__EXERCISE AIM__:
Write the data out again exactly, with every picture removed.

__Saved data entries__:
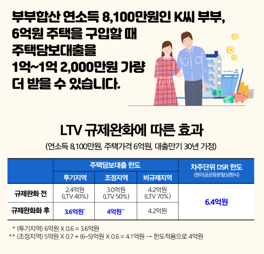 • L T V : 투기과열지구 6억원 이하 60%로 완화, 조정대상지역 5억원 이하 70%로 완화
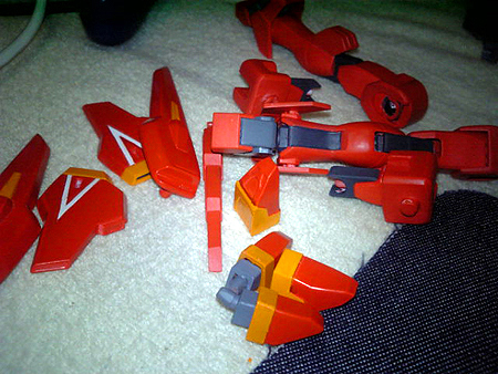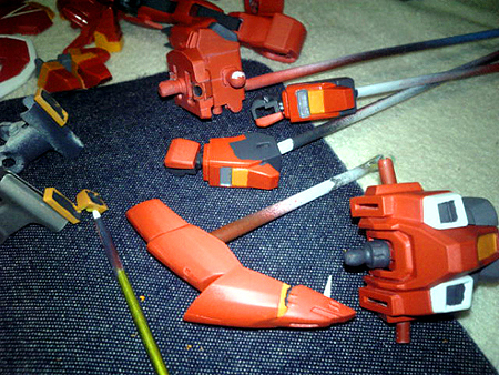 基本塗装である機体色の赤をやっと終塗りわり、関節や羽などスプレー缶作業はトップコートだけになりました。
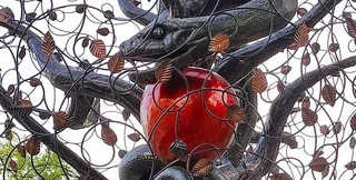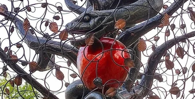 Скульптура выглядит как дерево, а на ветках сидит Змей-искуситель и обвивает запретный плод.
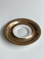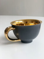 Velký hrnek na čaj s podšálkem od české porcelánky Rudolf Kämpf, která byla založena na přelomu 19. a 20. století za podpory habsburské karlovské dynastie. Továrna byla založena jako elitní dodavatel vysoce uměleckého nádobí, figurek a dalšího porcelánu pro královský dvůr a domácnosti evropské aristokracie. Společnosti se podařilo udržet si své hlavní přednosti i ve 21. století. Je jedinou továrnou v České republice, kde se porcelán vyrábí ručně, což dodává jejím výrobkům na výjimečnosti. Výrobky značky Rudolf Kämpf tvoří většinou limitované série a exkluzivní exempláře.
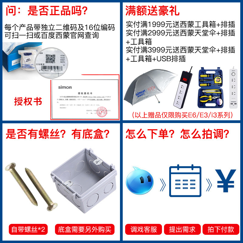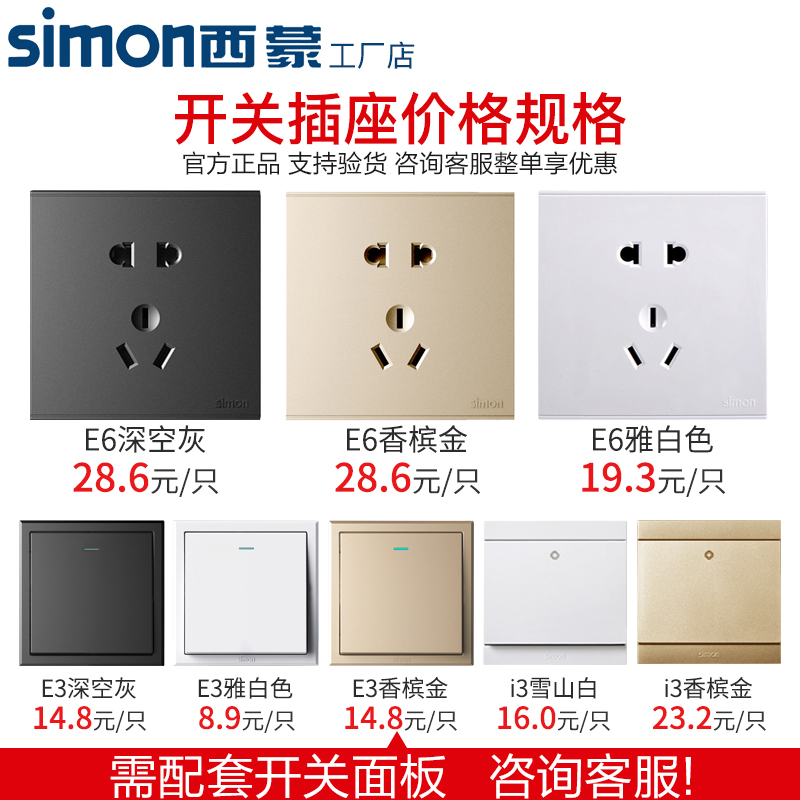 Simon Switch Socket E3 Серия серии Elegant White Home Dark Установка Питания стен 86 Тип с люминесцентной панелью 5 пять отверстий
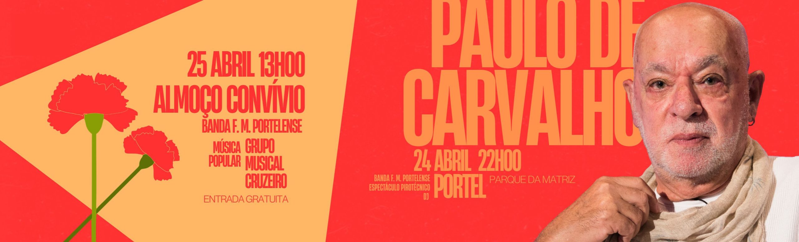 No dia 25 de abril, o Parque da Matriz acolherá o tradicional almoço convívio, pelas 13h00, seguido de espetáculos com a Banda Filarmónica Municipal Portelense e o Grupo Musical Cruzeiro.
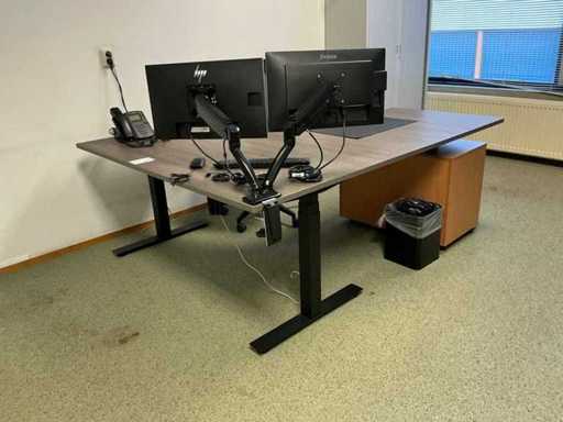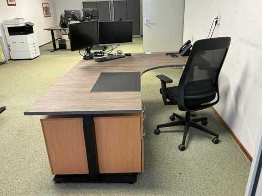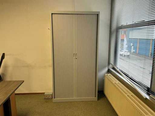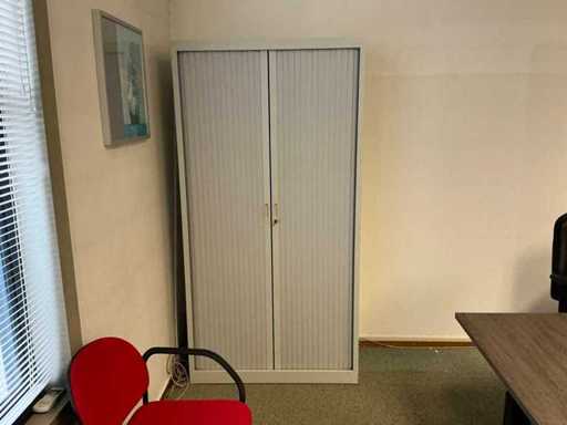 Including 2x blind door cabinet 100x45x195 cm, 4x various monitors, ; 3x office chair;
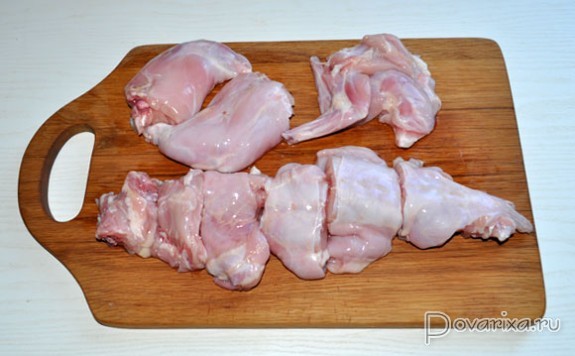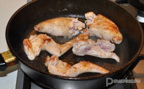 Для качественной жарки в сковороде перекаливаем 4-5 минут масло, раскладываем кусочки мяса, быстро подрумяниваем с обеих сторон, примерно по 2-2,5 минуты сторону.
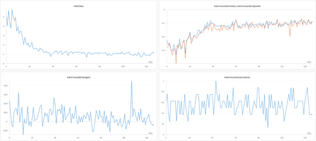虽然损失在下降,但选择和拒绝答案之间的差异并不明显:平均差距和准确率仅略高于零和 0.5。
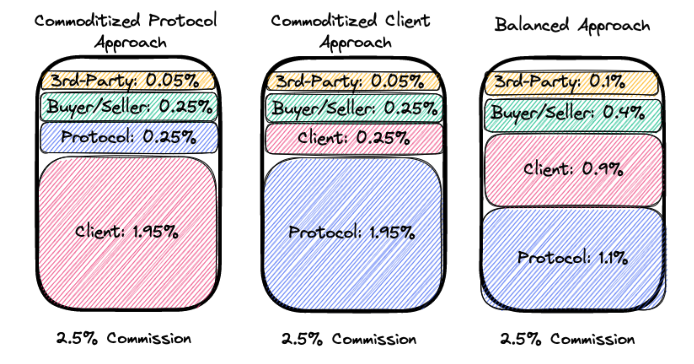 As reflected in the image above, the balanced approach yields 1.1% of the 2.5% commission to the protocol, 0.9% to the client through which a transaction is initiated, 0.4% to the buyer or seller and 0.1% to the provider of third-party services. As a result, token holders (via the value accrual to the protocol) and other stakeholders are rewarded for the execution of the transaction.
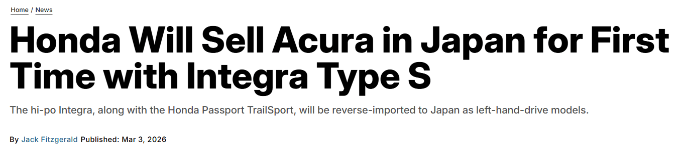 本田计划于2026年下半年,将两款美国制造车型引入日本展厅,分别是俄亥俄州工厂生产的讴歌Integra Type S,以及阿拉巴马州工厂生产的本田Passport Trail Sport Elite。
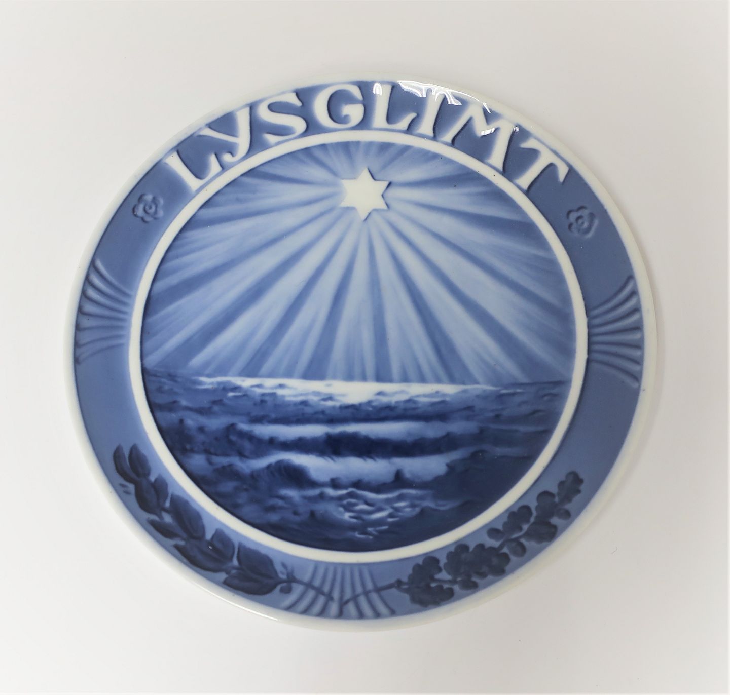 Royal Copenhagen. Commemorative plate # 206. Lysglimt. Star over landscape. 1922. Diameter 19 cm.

__TASK RESPONSE__:
 • L T V : 투기과열지구 6억원 이하 60%로 완화, 조정대상지역 5억원 이하 70%로 완화
 基本塗装である機体色の赤をやっと終塗りわり、関節や羽などスプレー缶作業はトップコートだけになりました。
 Скульптура выглядит как дерево, а на ветках сидит Змей-искуситель и обвивает запретный плод.
 Velký hrnek na čaj s podšálkem od české porcelánky Rudolf Kämpf, která byla založena na přelomu 19. a 20. století za podpory habsburské karlovské dynastie. Továrna byla založena jako elitní dodavatel vysoce uměleckého nádobí, figurek a dalšího porcelánu pro královský dvůr a domácnosti evropské aristokracie. Společnosti se podařilo udržet si své hlavní přednosti i ve 21. století. Je jedinou továrnou v České republice, kde se porcelán vyrábí ručně, což dodává jejím výrobkům na výjimečnosti. Výrobky značky Rudolf Kämpf tvoří většinou limitované série a exkluzivní exempláře.
 Simon Switch Socket E3 Серия серии Elegant White Home Dark Установка Питания стен 86 Тип с люминесцентной панелью 5 пять отверстий
 No dia 25 de abril, o Parque da Matriz acolherá o tradicional almoço convívio, pelas 13h00, seguido de espetáculos com a Banda Filarmónica Municipal Portelense e o Grupo Musical Cruzeiro.
 Including 2x blind door cabinet 100x45x195 cm, 4x various monitors, ; 3x office chair;
 Для качественной жарки в сковороде перекаливаем 4-5 минут масло, раскладываем кусочки мяса, быстро подрумяниваем с обеих сторон, примерно по 2-2,5 минуты сторону.
虽然损失在下降,但选择和拒绝答案之间的差异并不明显:平均差距和准确率仅略高于零和 0.5。
 As reflected in the image above, the balanced approach yields 1.1% of the 2.5% commission to the protocol, 0.9% to the client through which a transaction is initiated, 0.4% to the buyer or seller and 0.1% to the provider of third-party services. As a result, token holders (via the value accrual to the protocol) and other stakeholders are rewarded for the execution of the transaction.
 本田计划于2026年下半年,将两款美国制造车型引入日本展厅,分别是俄亥俄州工厂生产的讴歌Integra Type S,以及阿拉巴马州工厂生产的本田Passport Trail Sport Elite。
 Royal Copenhagen. Commemorative plate # 206. Lysglimt. Star over landscape. 1922. Diameter 19 cm.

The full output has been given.